I interview the inventors of the unit here; I apologize for the jittery start, I forgot my tripod and had too much coffee. It settles down. I asked about the environmental effects of all that warm water coming out of the unit in summer, rising out of the unit. Lorne Heise, CEO of the company that makes the Limnion, explains in the video that there is only a four degree difference in temperature, max, and that the volume of water is quite small, rising through the unit by convection only, and that the amount of heat given off by the unit is negligible.
limnion ground source heat pump geothermal photo unit two
As for winter, I wondered if the unit might not turn into a block of ice as it sucked the few calories of energy out of the lakewater. Fraser Newton and I had some fun discussing the physics of this. In fact, water is densest at 39 degrees, the usual temperature at the bottom of a lake in winter. if you make it cooler it actually rises to the top of the lake, and does not gather around the unit and form a block of ice.
limnion ground source heat pump geothermal photo drawing of unit
It is an impressive system, designed to be easy and idiot-proof to install, just connect two pipes with twist connectors and fill'er up. The installation issued that have plagued the GSHP industry just go away.
It also goes to prove that the era of the small inventor and manufacturer isn't over; that a small company in the woods of Ontario can come up with a device that significantly improves the state of the art. Heise says: "LIMNION is a timely and necessary key to making geothermal lake systems efficient, affordable, sustainable, safe, easy to install and most importantly - environmentally friendly." And, unlike all those UK heat pump systems, it will probably work as promised.

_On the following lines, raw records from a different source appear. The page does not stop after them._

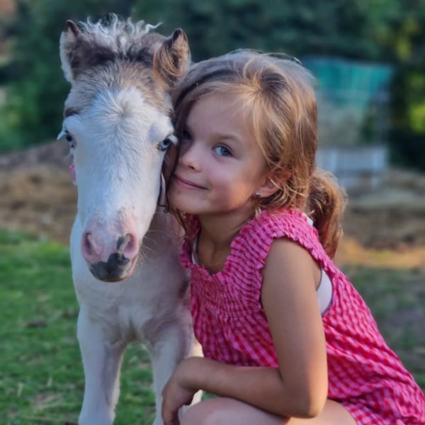 Si tout se passe bien, nous envisagerions de nous séparer de notre jolie Sunna. Sunna est née en juin 2025. Sa mère est Wesersteins Spirit of Maja (photo avant-dernière), et son père est l’étalon importé des États-Unis, Circle S Painted Vegas (dernière photo). Sunna est une jument buckskin tovero avec deux yeux bleus éclatants. La répartition de ses taches doit encore être confirmée par un test de couleur, sa mère portant le gène Tobiano et le gène Splashed White, tandis que son père possède le gène Tobiano et le gène Overo (LWO+). Sunna elle-même est presque entièrement blanche, à l’exception de sa tête mediolateral et d’une petite tache sur le côté. Elle a hérité du gène crème de sa mère et arbore la magnifique couleur buckskin. Une véritable bombe de couleur, et en plus très gaitée, ce qu’elle a également hérité de sa lignée maternelle. N’ayant pas prévu de la garder à l’origine, nous serions prêts à la céder si le bon nouveau propriétaire se présente… Sinon, elle restera avec nous pour le moment. Sur le plan du caractère, elle est très proche des humains et connaît tout ce qu’un poulain de son âge devrait savoir. Plus de photos et vidéos disponibles sur demande.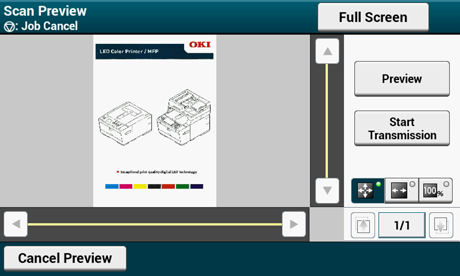 Usando la función de vista previa, puede comprobar la imagen escaneada en el panel táctil antes de guardar o enviar.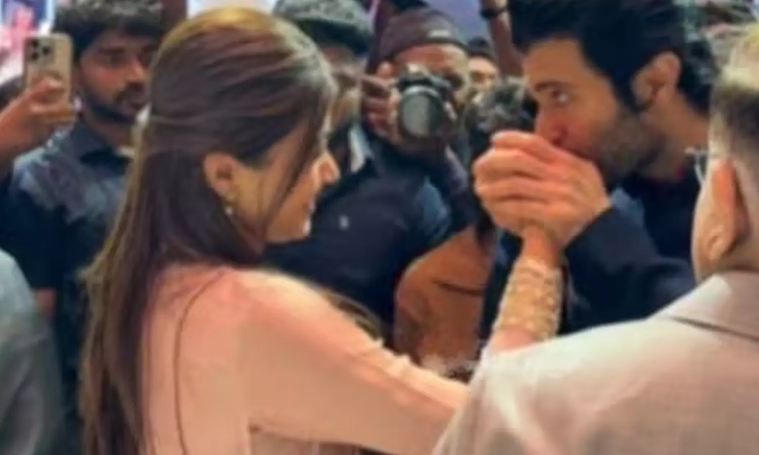 முன்னதாக, நிகழ்ச்சியில் பங்கேற்க வந்த விஜய் தேவரகொண்டா, ராஷ்மிகாவுடன் கைகுலுக்கும் போது அவரது கையை பிடித்து முத்தமிட்டது தொடர்பான வீடியோவும் சமூக வலைத்தளங்களில் வைரலாகி வருகிறது.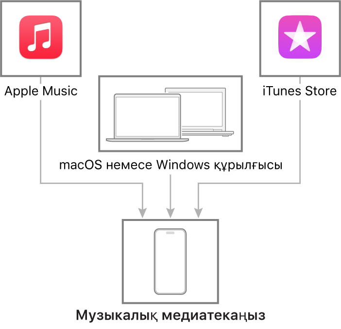 iPhone мен құрылғыңыздың арасында музыканы тасымалдап, жаңарту үшін Mac компьютеріңізді немесе Windows құрылғыңызды жалғаңыз. Қолдау көрсетілетін контентті синхрондау үшін «Музыка» (macOS 10.15 немесе одан кейінгі нұсқасы) немесе iTunes (macOS 10.14 немесе оған дейінгі нұсқасы және Windows құрылғылары) қызметтерін пайдаланыңыз.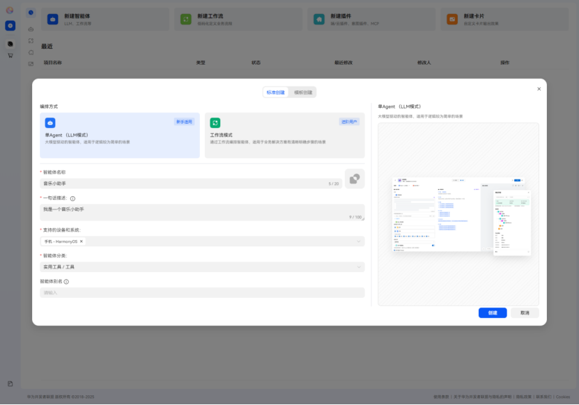 更多高级使用技巧参考官网鸿蒙智能体开发指南:https://developer.huawei.com/consumer/cn/doc/service/developer-guide-0000002469667881
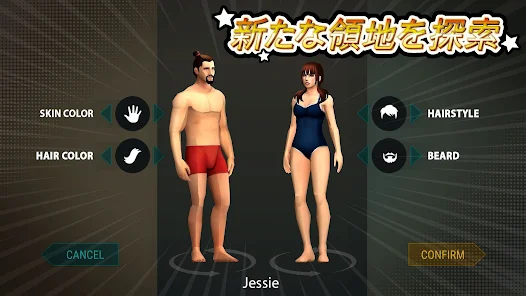 ■自分のキャラクターを作成して、周りを見渡しましょう。避難所の近くには危険度が異なるいくつかのロケーションがあります。この場所で集めた資源を使って、生き残りに必要なものすべて、家や衣服、武器、そして万能車まで作り出すことができます。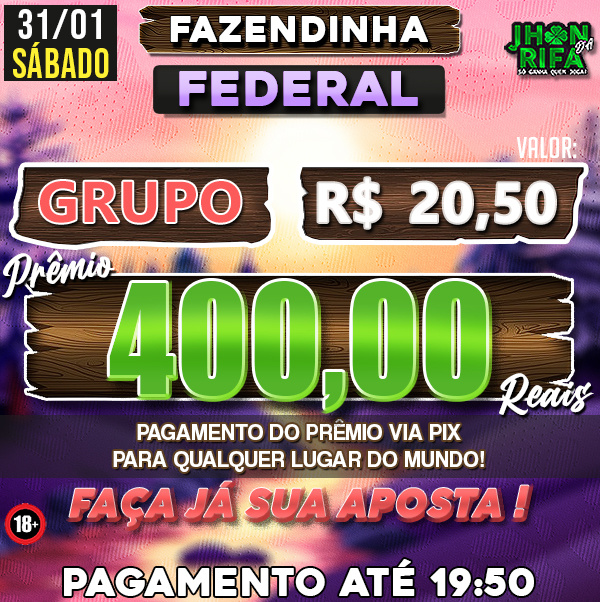 COMPLETO: R$20,50 PARA R$400,00 / METADE: R$10,25 PARA R$200,00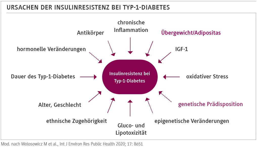 Für einen erhöhten Insulinbedarf gibt es keine einheitliche Definition, jedoch besteht eine gewisse Übereinkunft, dass mehr als eine Einheit Insulin pro Kilogramm Körpernormalgewicht bereits als Insulinresistenz gilt. Die persönliche klinische Erfahrung spricht für den pragmatischen Ansatz, dass mehr als 100 Einheiten Insulin pro Tag bei normokalorischer Ernährung sicher als Insulinresistenz angesehen werden können. Eine Metaanalyse aus 27 Studien mit mehr als 45 000 Teilnehmenden zeigt, dass rund ein Viertel der Menschen mit T1D im Verlauf ihres Lebens eine Insulinresistenz aufweisen, wobei der Anteil bei Frauen etwas höher liegt als der bei Männern [1].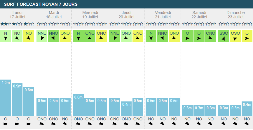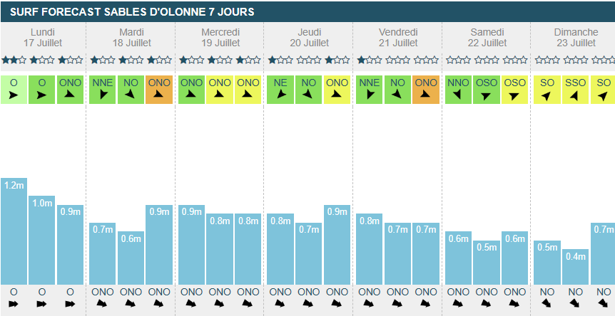 Tout comme c'est le cas en Loire-Atlantique, ce n'est pas une semaine de surf qui se profile sur le littoral vendéen. Il ne reste qu'aujourd'hui, lundi 17 juillet pour espérer trouver des vagues, après quoi la houle s'effondrera pour le reste de la semaine. Le meilleur plan est de s'y rendre le matin midi, avant que le vent ne se lève, la marée sera au plus bas et la houle perdra 0,60m.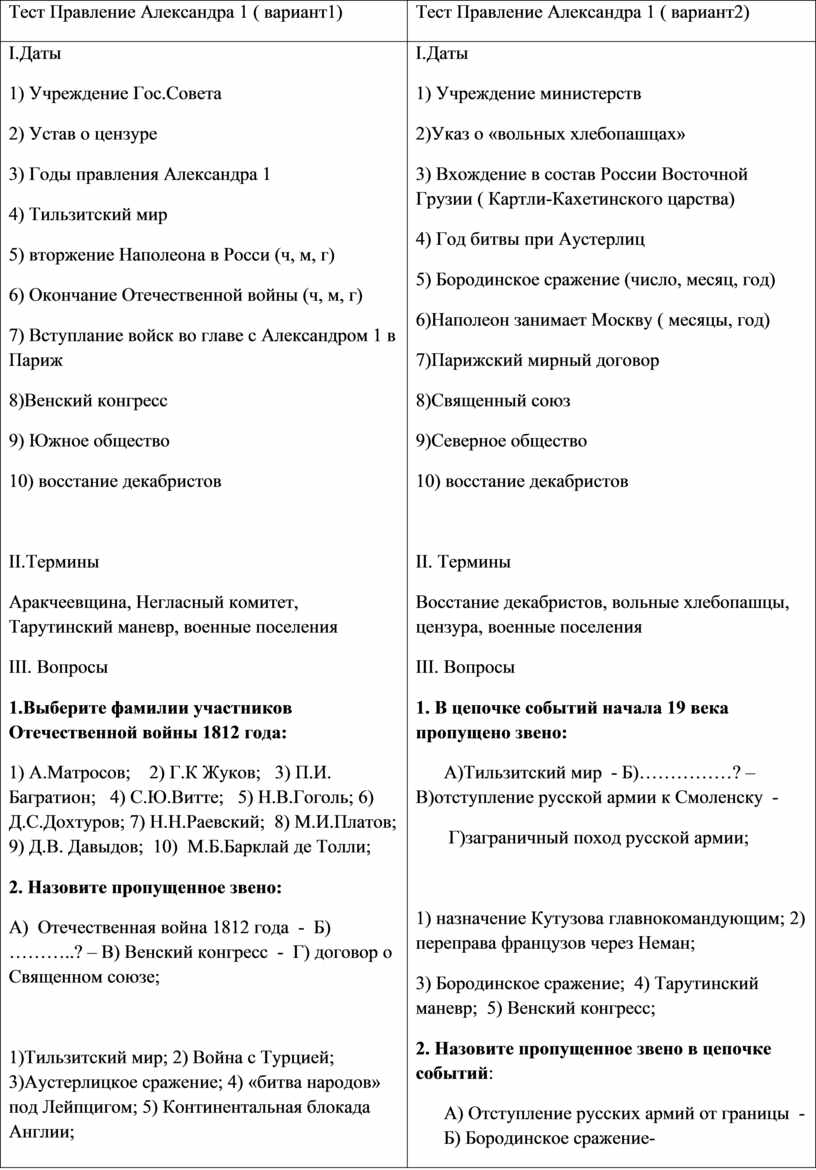 II.Термины Аракчеевщина, Негласный комитет, Тарутинский маневр, военные поселения III. Вопросы 1.Выберите фамилии участников Отечественной войны 1812 года: 1) А.Матросов; 2) Г.К Жуков; 3) П.И. Багратион; 4) С.Ю.Витте; 5) Н.В.Гоголь; 6) Д.С.Дохтуров; 7) Н.Н.Раевский; 8) М.И.Платов; 9) Д.В. Давыдов; 10) М.Б.Барклай де Толли; 2. Назовите пропущенное звено: А) Отечественная война 1812 года - Б) ………..? – В) Венский конгресс - Г) договор о Священном союзе;

It is not perfect; CEO Lorne Heise says "Now anyone with a waterfront, riverfront or pond home can heat and cool it without using any fossil fuels." That's not quite true, as the electricity that runs the pumps may well be made with fossil fuels. But they will be using a lot less with this unit, where the pumps don't have to work nearly as hard. Also, most places by lakes and rivers are far from the natural gas lines, and have to burn oil or propane, which is dirtier and more expensive. Many people burn wood, which creates significant local pollution. This is a big improvement over all of those.